I remember an old relative of mine who fought in WW2 telling me he was born left handed but because ambidextrous because he was forced to use his right hand for everything when he was at school


----------



## franzb69 (Feb 16, 2013)

interesting as to see how society forces its will on people. it's like peer pressure for society.


----------



## sachem allison (Feb 16, 2013)

Back In The Cave! Play time is over!


----------



## Don Nguyen (Feb 16, 2013)

Lol Son.

I'm pretty surprised, I thought the numbers would be lower.


----------



## capid1 (Feb 17, 2013)

Another lefty here! Never learned to play to the guitar as I couldn't find someone to teach a lefty.


----------



## Benuser (Feb 17, 2013)

sachem allison said:


> Back In The Cave! Play time is over!


Son, I know someone who suspected you of being a lefty as well...


----------



## K-Fed (Feb 17, 2013)

labor of love said:


> i still play guitar right handed though. and when i was younger i would bat both ways.



+1. All my guitars are righty.


----------



## franzb69 (Feb 17, 2013)

hey capid1, didn't know that you were a lefty.



> +1. All my guitars are righty.



another reason why i never learned guitar since I was a lefty. not that i could ever play a tune on anything. lol. I'm musically declined. lol.

they do make pretty good bang for the buck guitars here in my country. there's a province in my country that's renowned for their handmade guitars. there's Places in Cebu and Dumaguete that makes them that's pretty known for them.


----------



## Keith Sinclair (Feb 17, 2013)

Zwiefel said:


> In the middle ages, it was considered a sign of being in league with satan (or something of that flavor). In fact, the Latin root for "left-handed" and "sinister/evil" are the same. And the root for "right-handed" and "dextrous/skilled" are the same.
> 
> http://en.wikipedia.org/wiki/Sinistral_and_dextral
> 
> People would be harassed and discriminated against for being left-handed. Not at all surprised this is still going on in a lot of places.



Interesting,seems alot of things took the rap in middle ages in the name of religion.Some cultures worshiped cats,other's burned them alive,of course Bloody Mary burned a few hundred protestants,before Elizabeth took the throne.

I am mostly Right handed,but I shoot a gun left,pool cue,& eat left figure that out.


----------



## sachem allison (Feb 18, 2013)

Benuser said:


> Son, I know someone who suspected you of being a lefty as well...

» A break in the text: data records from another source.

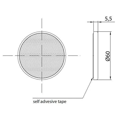 De Fristom VRF-100W is een witte reflector ontworpen voor toepassingen op voertuigen of aanhangwagens waar passieve zichtbaarheid vereist is. Dankzij de plakmontage kan de reflector eenvoudig worden bevestigd op een vlak oppervlak zonder extra montagemateriaal. De afmetingen bedragen ø60 x 5,5 mm.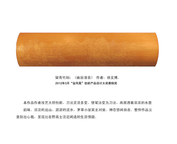 徐博(藝名文博),1973年生,江蘇武進(jìn)人,江蘇省省名人,高級(jí)工藝美術(shù)師,常州市留青竹刻非遺傳承人,常州工藝美術(shù)家協(xié)會(huì)理事,被譽(yù)為當(dāng)今中國(guó)最具創(chuàng)新意識(shí)的新銳竹刻家代表,多次獲得國(guó)家工藝美術(shù)大獎(jiǎng)?釔(ài)留青竹刻的徐文博賞竹為樂(lè),以竹詠志,借竹抒懷,悉心探索留青竹刻的藝術(shù)表現(xiàn)。在中國(guó)工藝美術(shù)大師蕭劍波的精心指導(dǎo)下,開(kāi)創(chuàng)留青水墨山水之技法,更好的體現(xiàn)了竹刻淡雅清秀的藝術(shù)風(fēng)格,并不斷汲取書畫、攝影、雕塑等藝術(shù)精華,不斷滋養(yǎng)藝術(shù)情趣,提升擴(kuò)展胸襟人格的同時(shí)也逐步形成了其形神兼?zhèn),虛?shí)相生,氣韻生動(dòng)的藝術(shù)特點(diǎn),作品為眾多的國(guó)內(nèi)外收藏家珍藏。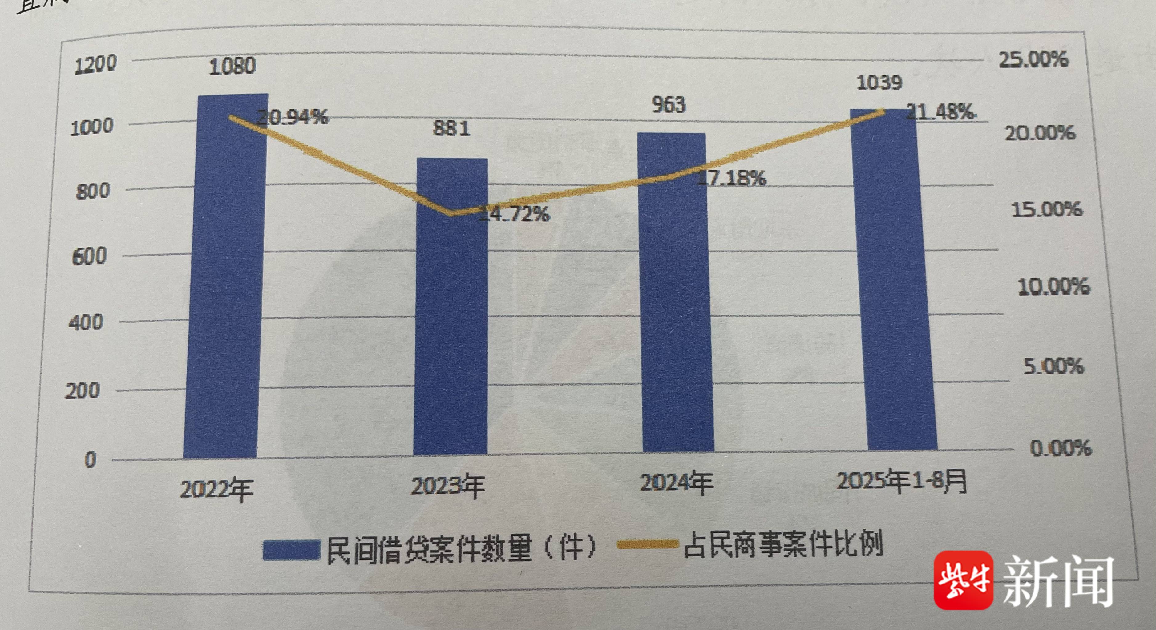 近三年来,民间借贷案件一直是高淳法院受理民商事案件中数量最多的案由之一,且案件数量、涉案金额从2023年逐年快速持续增长。2025年1-8月,该院已受理民间借贷案件1039件,占同期民商事案件比例21.48%,涉案金额约为5.11亿元。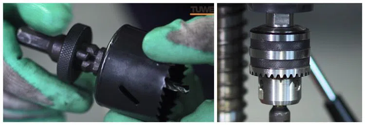 (1) إذا كانت ثقوب الحفر أقل من 38 مم ، فيرجى تحديد المثقاب المركزي الصغير لتثبيت مناشير الثقب المقابلة.
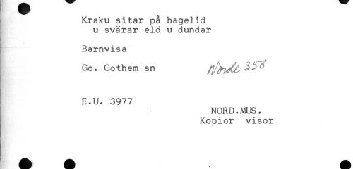 //// Kraku sitar på hagelid //// u svarar eld u dundar //// Barnvisa //// Go. Gothem sn //// E.U. 3977 //// NORD.MUS. //// Kopior visor //// ! ////

alas, no. I do not meddle with dark forces but, you have peeked my interest.


----------



## Benuser (Feb 18, 2013)

sachem allison said:


> alas, no. I do not meddle with dark forces but, you have peeked my interest.


When I tried your "Trompette" it felt awkward to me, so I suspected you, but you've been cleared since.


----------



## Rotary (Feb 18, 2013)

I'm a lefty, though the nuns tried their best to convert me. When repeatedly removing the pencil from my left hand and putting it in my right didn't work, they left me to figure it out on my own. To this day I still hold a pen in a "unique" fashion.

There are only two things I cannot do left handed: use scissors and shoot a pistol (though I shoot a rifle left handed - how's that for bizarre?).


----------



## franzb69 (Feb 18, 2013)

all us lefties are confused with our handedness i'm afraid.


----------